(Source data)
-*-*-
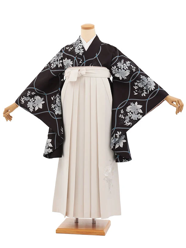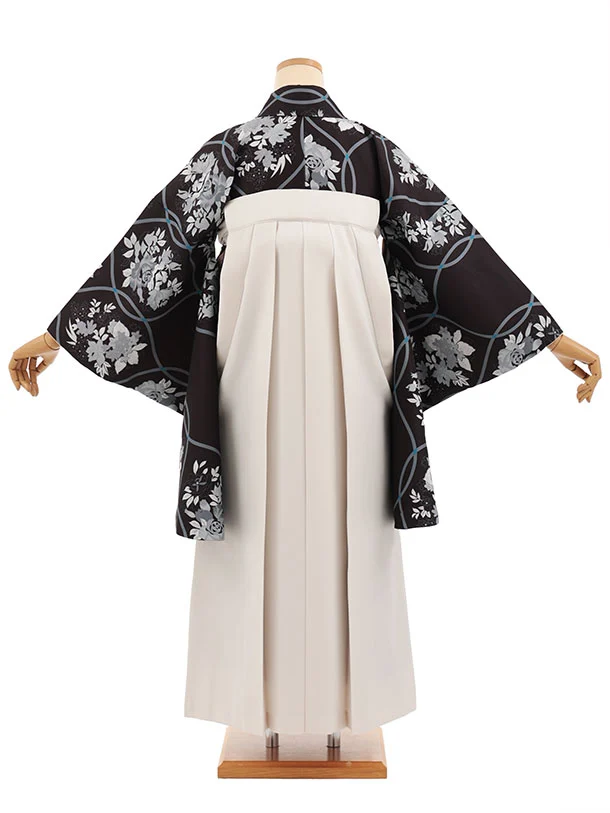 小学生卒業式かんたん袴(女の子) Z854 黒立桶に花×アイボリー
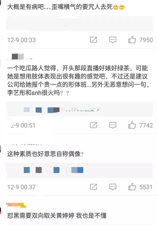 最近李艺彤要开生日会,表演曲目由粉丝花钱投票决定,于是李艺彤直播开火,首先谈及自己生日会的时候还是蛮激动蛮高兴的,然而在听说有粉丝要给李艺彤和黄婷婷这对“卡黄CP”投一首合作舞曲《人鱼》的时候,李艺彤瞬间就火了,多次强调自己差点爆粗口,但考虑到自己自己个人素质以及未来发展忍住了,最后还忍不住诅咒给自己集资投票的黑粉们全部都炸成一朵烟花……
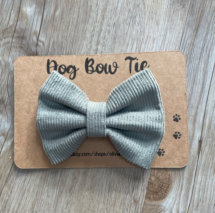 Stylish blue dog bow tie that easily attaches to most medium cat and dog collars made with a cord type material with two elastic hoops on the back that slide straight onto colours. Perfect for any occasion.
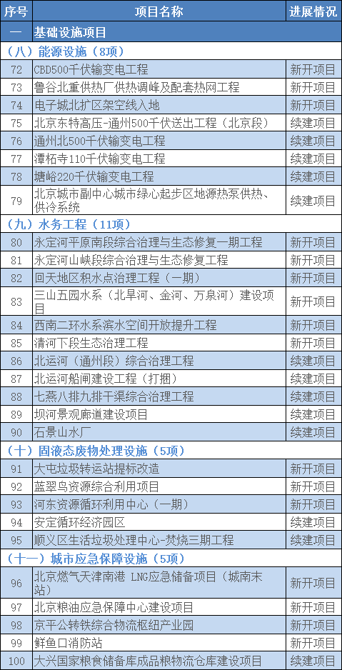 100个重大基础设施项目
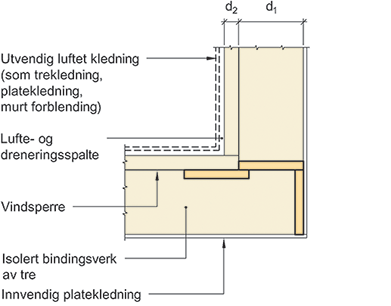 Prinsipiell oppbygning av utovervendt hjørne mellom bindingsverksvegger av tre med kontinuerlig utvendig isolasjon
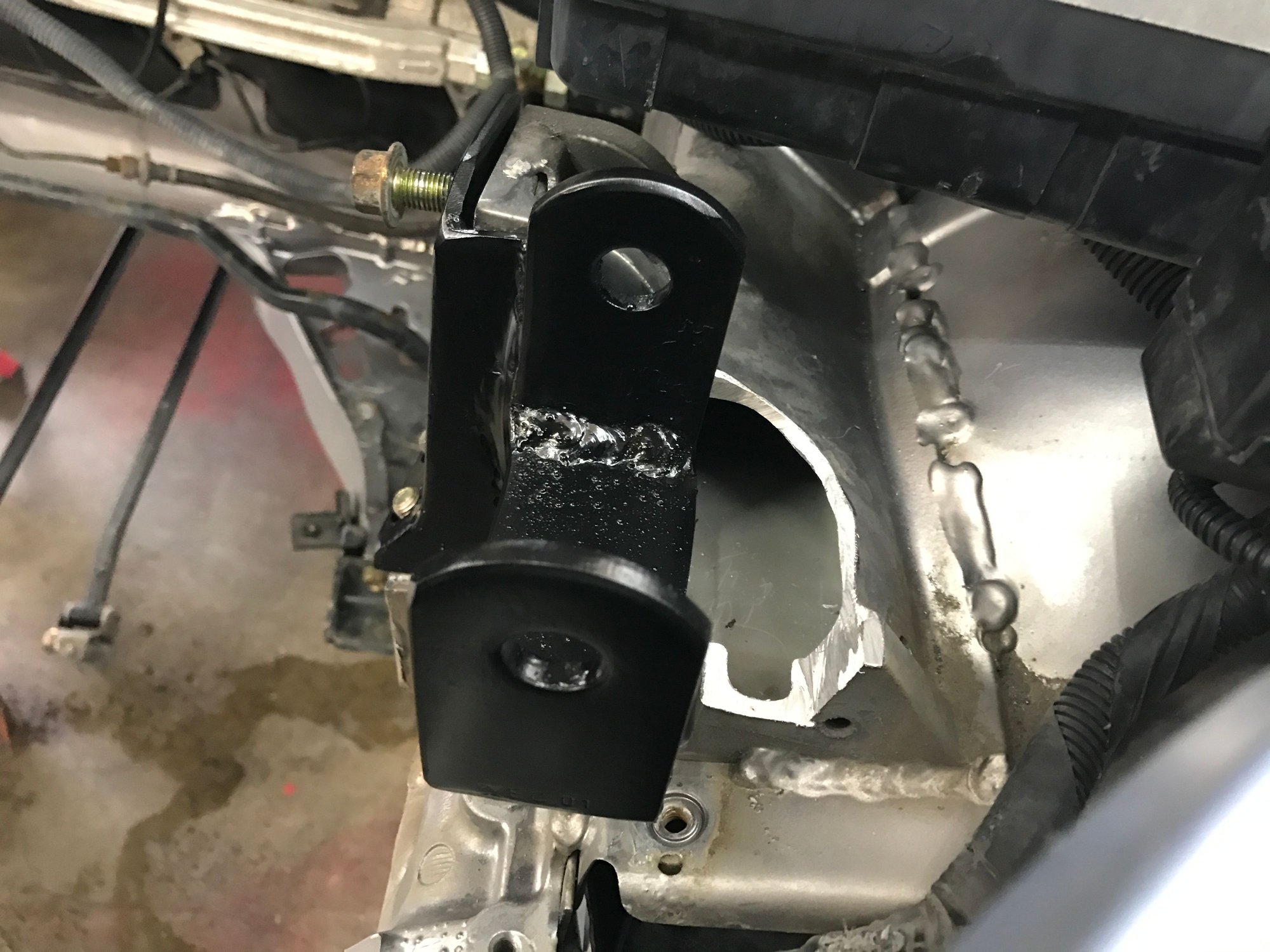 My phone doesn't have enough memory left to take a video long enough to cover a first and second gear pull with the stock 3 cylinder lol. Not even lying. I got the tranny mount done today besides clean up and paint. Driver side mount shouldn't be too hard either and once those are done I'll mod the d series t bracket to bolt up to the stock insight rear mount. Shift linkage is super close to bolting it up but I'll have to add a bend to the stabilizer bar for clearance. Once the mounts are finished the rest should go pretty smooth. Not much different then doing a swap in a civic really. The hf axles fit beautifully, I put them in before welding up the trans mount to insure the swap was centered and cv angles were acceptable. Ground clearance is killer, just as good as the 3 cylinder.
-*-*-
■ WHAT NEEDS TO BE DONE:
When pictures appear in the records above, leave them out and reproduce exactly each line from the first through the line containing "Prinsipiell oppbygning av", both included.

■ SOLUTION BELOW:
 小学生卒業式かんたん袴(女の子) Z854 黒立桶に花×アイボリー
 最近李艺彤要开生日会,表演曲目由粉丝花钱投票决定,于是李艺彤直播开火,首先谈及自己生日会的时候还是蛮激动蛮高兴的,然而在听说有粉丝要给李艺彤和黄婷婷这对“卡黄CP”投一首合作舞曲《人鱼》的时候,李艺彤瞬间就火了,多次强调自己差点爆粗口,但考虑到自己自己个人素质以及未来发展忍住了,最后还忍不住诅咒给自己集资投票的黑粉们全部都炸成一朵烟花……
 Stylish blue dog bow tie that easily attaches to most medium cat and dog collars made with a cord type material with two elastic hoops on the back that slide straight onto colours. Perfect for any occasion.
 100个重大基础设施项目
 Prinsipiell oppbygning av utovervendt hjørne mellom bindingsverksvegger av tre med kontinuerlig utvendig isolasjon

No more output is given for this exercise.